Он взял колун, отвернулся и с силой ударил по чурке. Осиновый кругляш развалился, обнажив черную, словно выжженную сердцевину. Дядя Леня позвал в избу, стал угощать, сетуя, что угостить, кроме ореховой каши, больше нечем; режим голодного сорок третьего поддерживался на Божьем строго.

Я ел рогульник, а он обнадеживал:

— Ничего, разговорится Василий-то Терентич. Жалко его, мужик славный. Приехал лечиться, а сам не знает, от чего… Душа у него болит. После госпиталя в плен попал. Не долечился, сбежал на передовую, а пока добирался — немцы прорвали фронт. Он безоружным и вляпался… А в сорок пятом американцы освободили, передали нашим. Наши — на Колыму его, десять лет… Потом женился, но до сих пор детей нет. И я его не вылечу, только ты не говори ему. Разве его орехом и голодом возьмешь?.. А он расскажет, погоди… Про твоего отца, Павла Ивановича, в госпитале легенды ходили. Да погоди, сам расскажет.

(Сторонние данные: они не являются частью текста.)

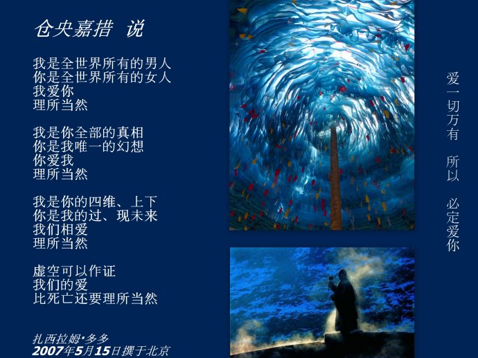 天要宠你我的爱太深太重,所以我无法爱你。我只能爱包括你在内的一切万有,你介意么? ——扎西拉姆多多 亲爱的,你知不知道,有一股强大,要通过我,到达你。 它来自浩瀚的岁月和广阔的寰宇,它来自最深沉,也来自最高极,它来自最古老,也来自最新奇。它选中了我的同时,也选中了你。 我必须允许啊,允许它流经我,允许它激起我里面的一些沉疴、一些浑浊。允许它重重地压向我,直到我不再逃避,直到我全然地展开我自己。了达,通透,穿心如隙。 我必须跟随啊,跟随它寻找你,寻找它最终需要达到的目的地。跟随它在恒河沙数世界游历,一时间,你哪儿都不在,一时间,全都是你。只有它知道,只有它有辨认的权力。 它是如此的强大,以至于,即便你不愿意接受我,它仍然会通过无量的通道、每一个别人,进入你、充遍你。这,我就放心了。 它是如此的强大,以至于,即便你不愿意接受我,它仍然会将我虹化,流溢在天际,我将早你一步到达明空之境。请你,也放心吧。 亲爱的,你准备好了吗?准备好,接受这强大的爱,它并不来自我,是天要宠你。 2009年12月1日凌晨 扎西拉姆·多多 写于北京 一下笔的时候,我以为我要写爱情,收笔的时候,才知道不是。

Колун стучал на улице дотемна, до первых сияний хлебозоров. Пациент дяди Лени выполнял третью норму.

* * *

Передовая немцев была обтянута двойным рядом колючей проволоки, и траншеи у них отрыты в полный профиль, да и положение выгодное — на высоте. Однако бы взяли с ходу и такое укрепление, если быперед проволокой не было раскисшего по-весеннему длинного ленточного болота. Ко всему прочему, немцы раскидали по нему мины, утопили их в воде, в грязи, и теперь хоть плачь — не перескочишь с ходу. Рота, в которой воевал мой отец, в пылу наступления достигла болота, увязая, пошла через него и тут же попала подсильный пулеметный огонь. К тому же под ногами начали лопаться мины, вздымая столбы грязи, и атака захлебнулась; рота отошла к балке, легла на расквашенную весеннюю пашню, глядя на ночь, стала окапываться.

Ночью ждали саперов, наутро — огневой поддержки, однако вызвездило и ударил морозец. Несильный, апрельский, но к утру попримерзали шинели, земля и лужи взялись ледяной коркой, и пока она не растеплела от солнца, на рассвете роту подняли в атаку. Чернозем на пашне был такой жирный, что не застыл, и ноги вязли в нем, как в гудроне, зато когда спустились в лощину, сапоги застучали по мерзлоте, а на болоте и вовсе была катушка. Немцы открыли запоздалый огонь, но сумерки и деревянные ежи с колючкой скрадывали наступавших. В небе бесполезно метались осветительные ракеты. На болоте рота легла и дальше пошла ползком, с короткими перебежками. Вмерзшие мины не взрывались, пулеметы били неприцельно, простреливали площадь, проволока была уже рядом…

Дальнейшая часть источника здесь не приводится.